Correlations: multicollinearity (independent variables in a regression model are highly correlated)

Handling Missing Data

Dropping columns with missing values or adding values by infering from the dataset or using default values for a given feature
Use SimpleImputer to fill missing values with the mean
Insight: understand the data so you can reason what's the best decision — using the mean value, 0 or dropping the column

Data Cleaning

Removing duplicates
Fixing incorrect labels
Correcting inconsistencies
Formatting the values (e.g. using float when the data is object)

Scaling/Normalization

Transformation (via FunctionTransformer(np.log1p) for example) is done to adjust the distribution of the dataset
- e.g. when there's more houses with low prices, it will be difficult to the model learns from houses with high prices (low volume) and predict on the test data
Standardizing or normalizing numerical features to ensure consistency
Use separate scalers for X and Y
- X and Y have different distributions (different scales and meanings)
- You can scale Y if it's a regression problem. Don't scale if it's a classification problem, since it's categorical
- Tree-based models like XGBoost, Decision Trees, or Random Forests usually don't need scaling because these models are not sensitive to feature scaling

Data Leakage

Data leakage (or leakage) happens when your training data contains information about the target, but similar data will not be available when the model is used for prediction
- This leads to high performance on the training set (and possibly even the validation data), but the model will perform poorly in production
- There are two main types of leakage: target leakage and train-test contamination.
Target leakage: occurs when your predictors include data that will not be available at the time you make predictions.
- e.g. after having pneumonia, a patient usually takes antibiotic medicines, so a "took_antibiotic_medicine" information has a strongl relationship with "got_pneumonia". The value of "took_antibiotic_medicine" is usually changed after the value for got_pneumonia is determined
- In this case, this feature (or any "variable updated (or created) after the target value") should be excluded from the training and validation set
Train-Test Contamination: when you don't distinguish training data from validation data
- Validation is meant to be a measure of how the model does on data that it hasn't considered before
- Running preprocessing before splitting data into train and validation would lead to the model getting good validation scores, giving you great confidence in it, but perform poorly when you deploy it to make decisions
- The idea is to exclude the validation data from any type of fitting, including the fitting of preprocessing steps
- A Pipeline helps handling this kind of leakages
Divide training and test into separate datasets before performing scaling the features
- The mean and standard deviation used for scaling will be computed from the entire dataset.
- This means that information from the test set is indirectly influencing the training data.
- Your model will learn from statistics that it would not have access to in a real-world scenario.
- This can lead to overfitting and poor generalization.

Encoding Categorical Variables

Drop Categorical Variables: This approach will only work well if the columns did not contain useful information.
- Get all the data without the categorical values: X.select_dtypes(exclude=['object'])
Ordinal Encoding: assigns each unique value to a different integer
- e.g.

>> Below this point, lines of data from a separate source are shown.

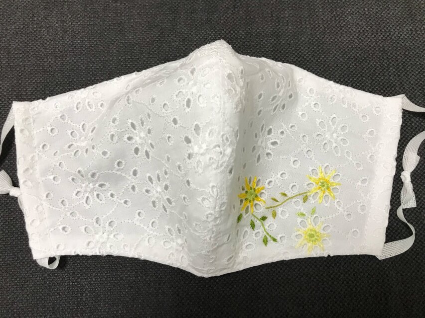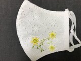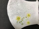 コットン100%の白レース生地に、ワンポイントの花の刺繍(左右)が入っています。
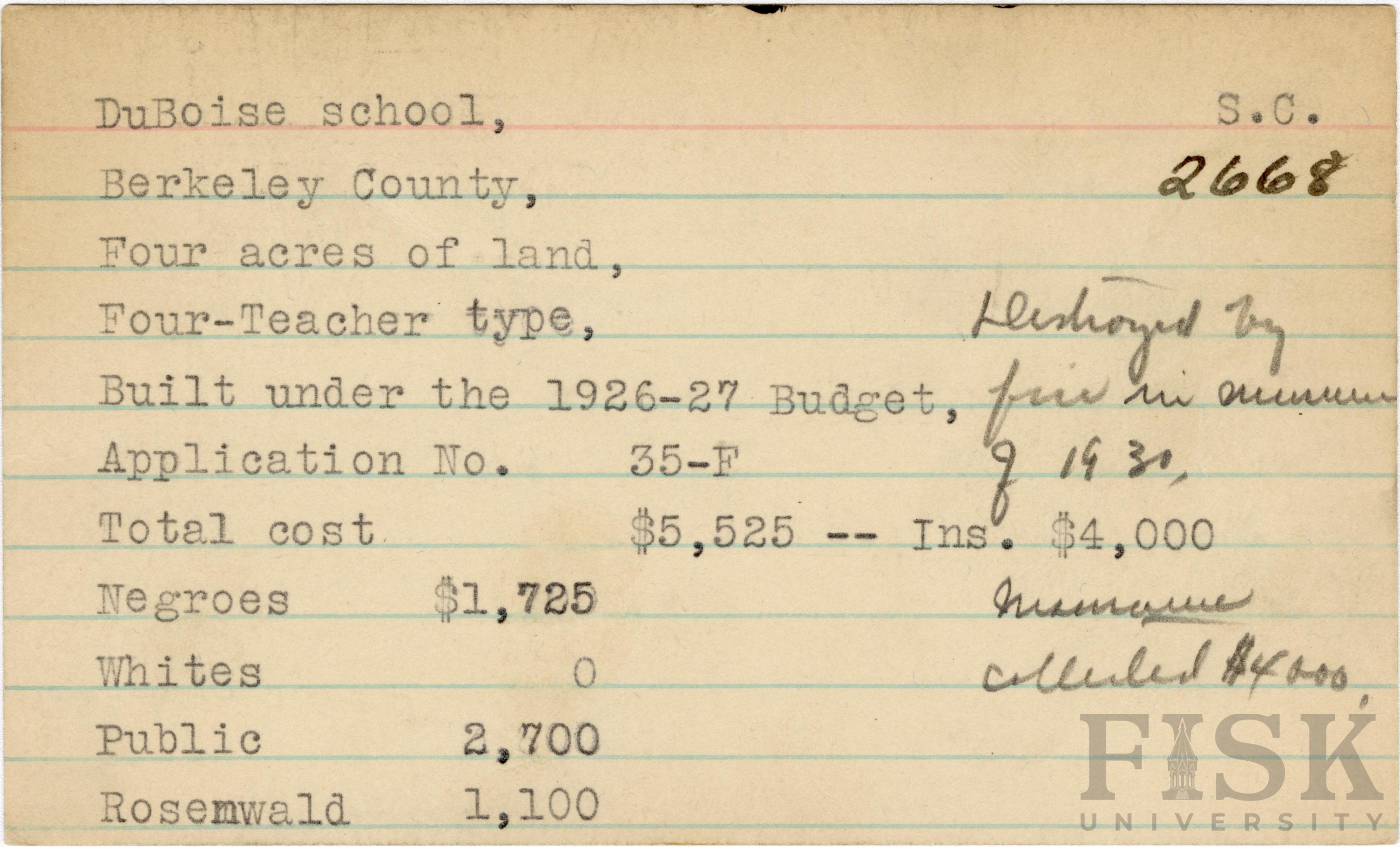- School card from Rosenwald Fund for DuBoise School in Berkeley County, South Carolina with a section added to the budget contributions that says, "Ins. $4,000" and handwritten notes on the card that says, "Destroyed by fire in [unclear] of 1930" and "Insurance collected $4,000"
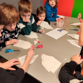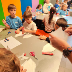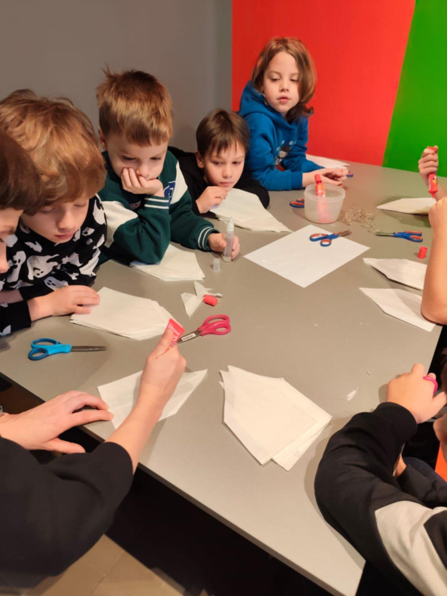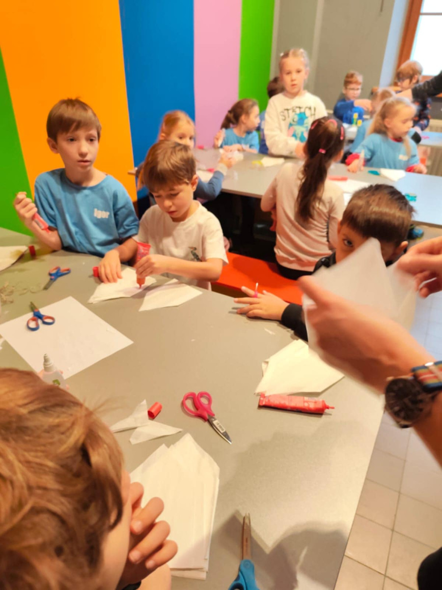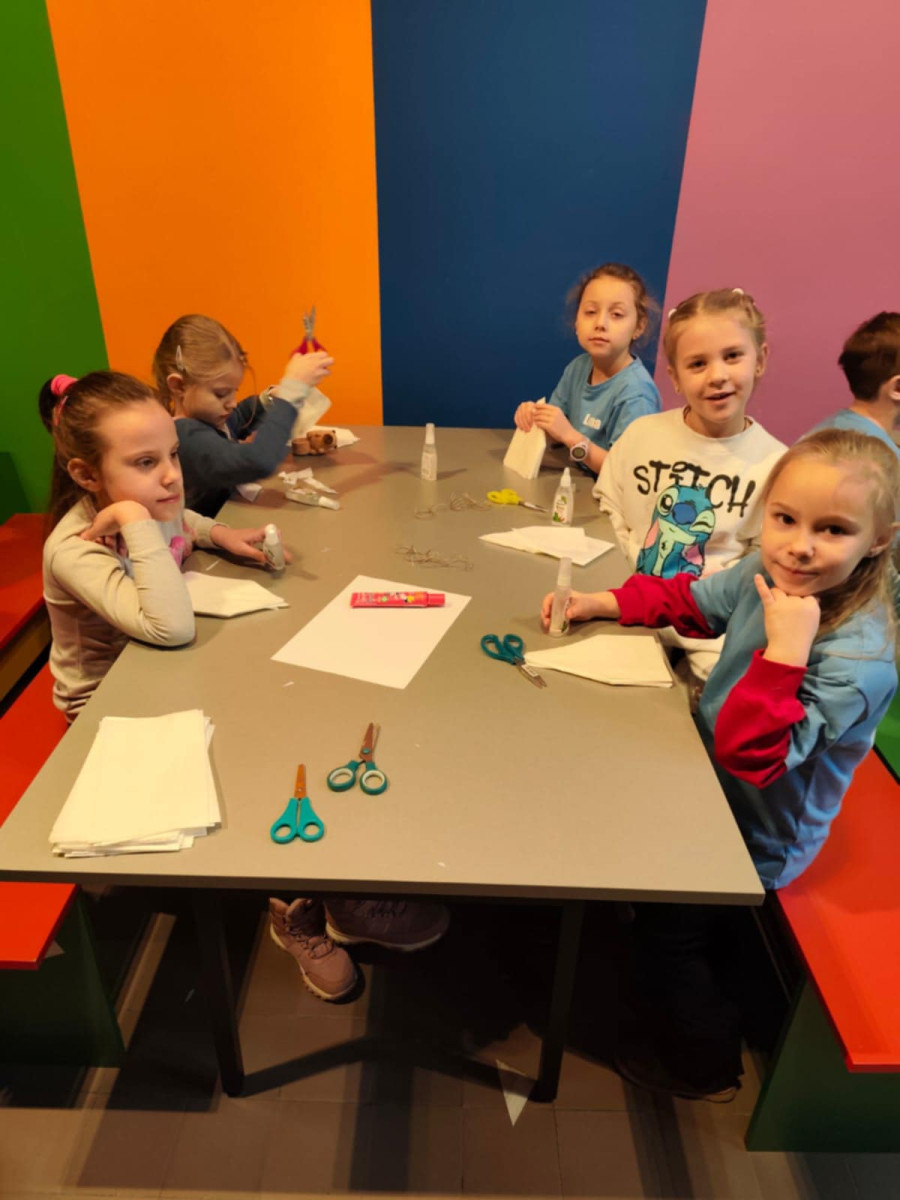 Uczniowie klasy 1b uczestniczyli w warsztatach plastycznych zorganizowanych w Muzeum Dialogu Kultur. Poznali symbolikę Gwiazdy Betlejemskiej w polskiej tradycji ludowej i kolędniczej, oglądali eksponaty muzealne, a następnie samodzielnie wykonali gwiazdy z papieru i słomek.
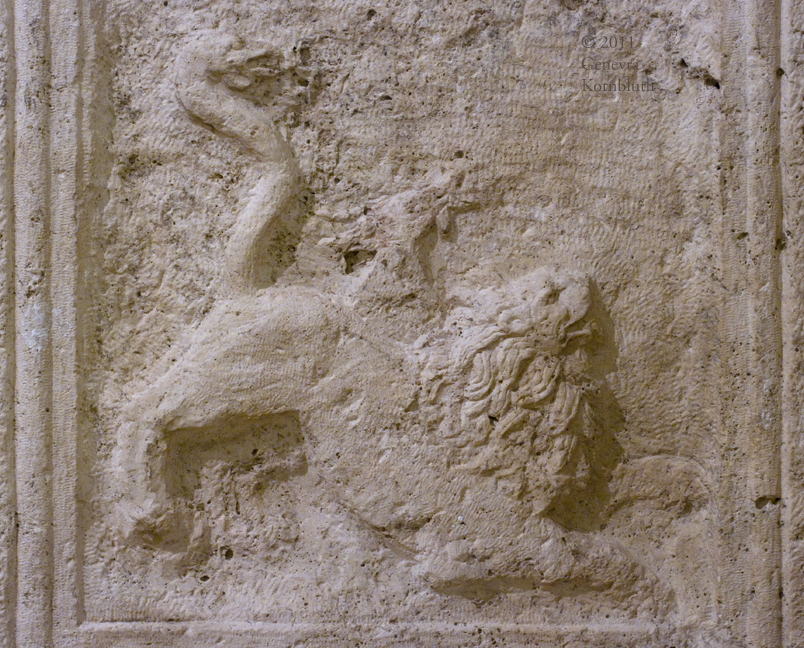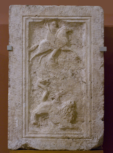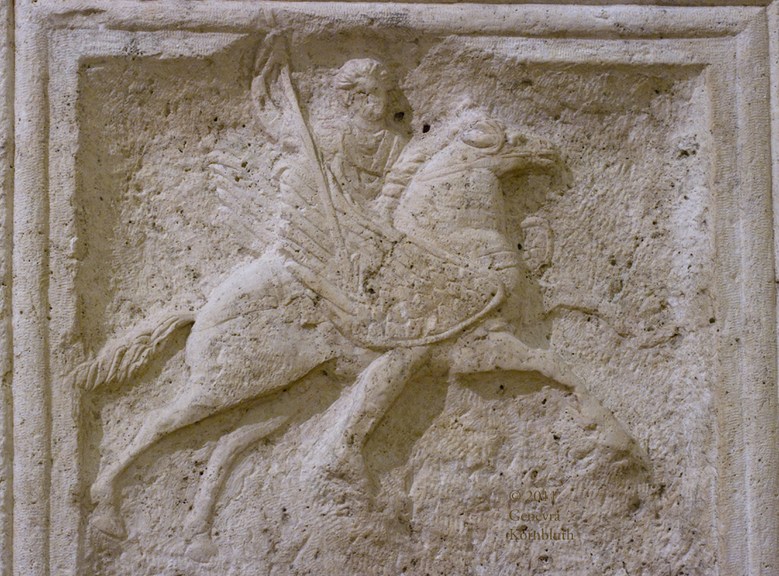 Bellerophon and the Chimaera, architectural sculpture, late 2nd-early 3rd c. Dunapentele (Hungary), HNM 27.1903.1

OrdinalEncoder
One-Hot Encoding: creates one column for each categorical variable and assigns the value 1 to the column that the example holds (one-hot) and 0 to the other columns
- e.g. OneHotEncoder

Splitting Data & Cross Validation

When splitting the data into training and validation, the model can perform well on the 20% validation data and bad in the 80% (or vice-versa)
- In larger validation sets, there is less randomness ("noise")
Cross validation makes you do experiments in different folds
- e.g. Divide training and validation into 80-20
  - Experiment 1: first 20% fold will be the validation set and the other 80% will be the training set
  - Experiment 2: second 20% fold will be the validation set and the other 80% will be the training set
  - The same for the experiments 3, 4, and 5, until it gets to all folds
- When should you use each approach?
  - For small datasets, where extra computational burden isn't a big deal, you should run cross-validation.
  - For larger datasets, a single validation set is sufficient. Your code will run faster, and you may have enough data that there's little need to re-use some of it for holdout.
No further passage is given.